> _Problem to work on_
When you restate the records, do so word for word and omit any picture they contain.

> _Data listing_
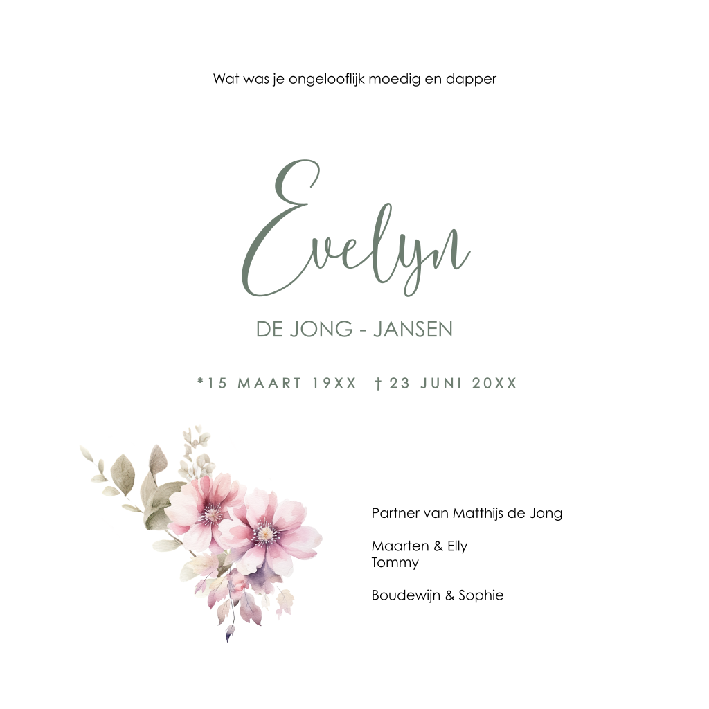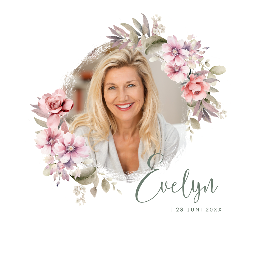 Kies voor deze prachtige rouwkaart met portretfoto in een krans van veldbloemen. Vervang de foto eenvoudig in de editor.
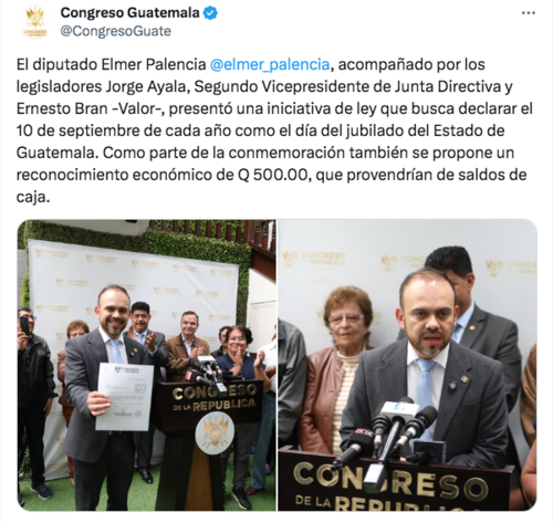 Establecer el 10 de septiembre como día del jubilado del Estado de Guatemala y brindar un nuevo aporte económico a ese sector es el objetivo de una iniciativa de ley que se impulsa en el Congreso de la República.
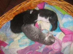 And you believe or not the next evening happened the same things, we found more one cat there. Somebody put in the rubbish 3 beautiful, healthy 3 weeks old cats. I cried with them, I knew they still needed a mother. And I just hoped they could eat earlier then the other kitties.
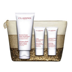 Clarins娇韵诗乳木果身体乳套装,包括娇韵诗乳木果保湿身体乳200ml,娇韵诗手部修护霜30ml,娇韵诗柔滑身体磨砂乳30ml3件。
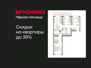 Квартира с кухней-гостиной и тремя спальнями в кварталах "На Минской". Особенности планировки: окна на две стороны, гардеробная, вид во двор, разнесённые спальни, предчистовая отделка, мастер-спальня, постирочная, балкон.
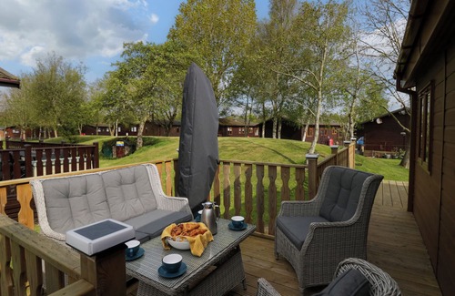 The living areas in this single-storey lodge consist of an open-plan kitchen, dining area and sitting area, with an electric oven, gas hob, microwave, fridge/freezer, washer/dryer, dishwasher, TV, and electric oven. The bedrooms consist of a king-size with en-suite bathroom, a double, and a twin, all with TVs, along with a main shower room. Outside there is a wrap-around veranda with decking, furniture and barbecue, off-road parking, and further communal parking. You'll find a shop in 1 mile, and pub in 0.2 miles, and Pine Lake in 1.4 miles. Sorry, no pets and no smoking. WiFi, fuel, power, bed linen and towels are included in the price. A highchair and travel cot can be arranged on booking. 34 Lakeside is the ideal base for a family getaway to Lancashire. Note: There are steps up to the property. Note: There is an on-site swimming pool, which can be used by guests. Please note; This property accepts a minimum of 2 nights only.
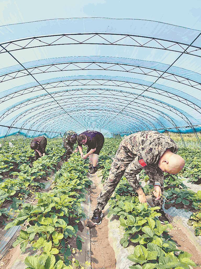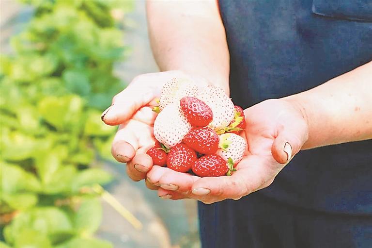 “看這白里透粉的草莓,味道就是剛剛好?!睎|山村村民王淑玲熱情地給大家介紹怎么找熟草莓,“今年的白草莓比蜂蜜都甜,我家種了兩個大棚,供不應(yīng)求,明年還得擴大規(guī)模?!?/p>

> _Expected answer_
 Kies voor deze prachtige rouwkaart met portretfoto in een krans van veldbloemen. Vervang de foto eenvoudig in de editor.
 Establecer el 10 de septiembre como día del jubilado del Estado de Guatemala y brindar un nuevo aporte económico a ese sector es el objetivo de una iniciativa de ley que se impulsa en el Congreso de la República.
 And you believe or not the next evening happened the same things, we found more one cat there. Somebody put in the rubbish 3 beautiful, healthy 3 weeks old cats. I cried with them, I knew they still needed a mother. And I just hoped they could eat earlier then the other kitties.
 Clarins娇韵诗乳木果身体乳套装,包括娇韵诗乳木果保湿身体乳200ml,娇韵诗手部修护霜30ml,娇韵诗柔滑身体磨砂乳30ml3件。
 Квартира с кухней-гостиной и тремя спальнями в кварталах "На Минской". Особенности планировки: окна на две стороны, гардеробная, вид во двор, разнесённые спальни, предчистовая отделка, мастер-спальня, постирочная, балкон.
 The living areas in this single-storey lodge consist of an open-plan kitchen, dining area and sitting area, with an electric oven, gas hob, microwave, fridge/freezer, washer/dryer, dishwasher, TV, and electric oven. The bedrooms consist of a king-size with en-suite bathroom, a double, and a twin, all with TVs, along with a main shower room. Outside there is a wrap-around veranda with decking, furniture and barbecue, off-road parking, and further communal parking. You'll find a shop in 1 mile, and pub in 0.2 miles, and Pine Lake in 1.4 miles. Sorry, no pets and no smoking. WiFi, fuel, power, bed linen and towels are included in the price. A highchair and travel cot can be arranged on booking. 34 Lakeside is the ideal base for a family getaway to Lancashire. Note: There are steps up to the property. Note: There is an on-site swimming pool, which can be used by guests. Please note; This property accepts a minimum of 2 nights only.
 “看這白里透粉的草莓,味道就是剛剛好?!睎|山村村民王淑玲熱情地給大家介紹怎么找熟草莓,“今年的白草莓比蜂蜜都甜,我家種了兩個大棚,供不應(yīng)求,明年還得擴大規(guī)模?!?/p>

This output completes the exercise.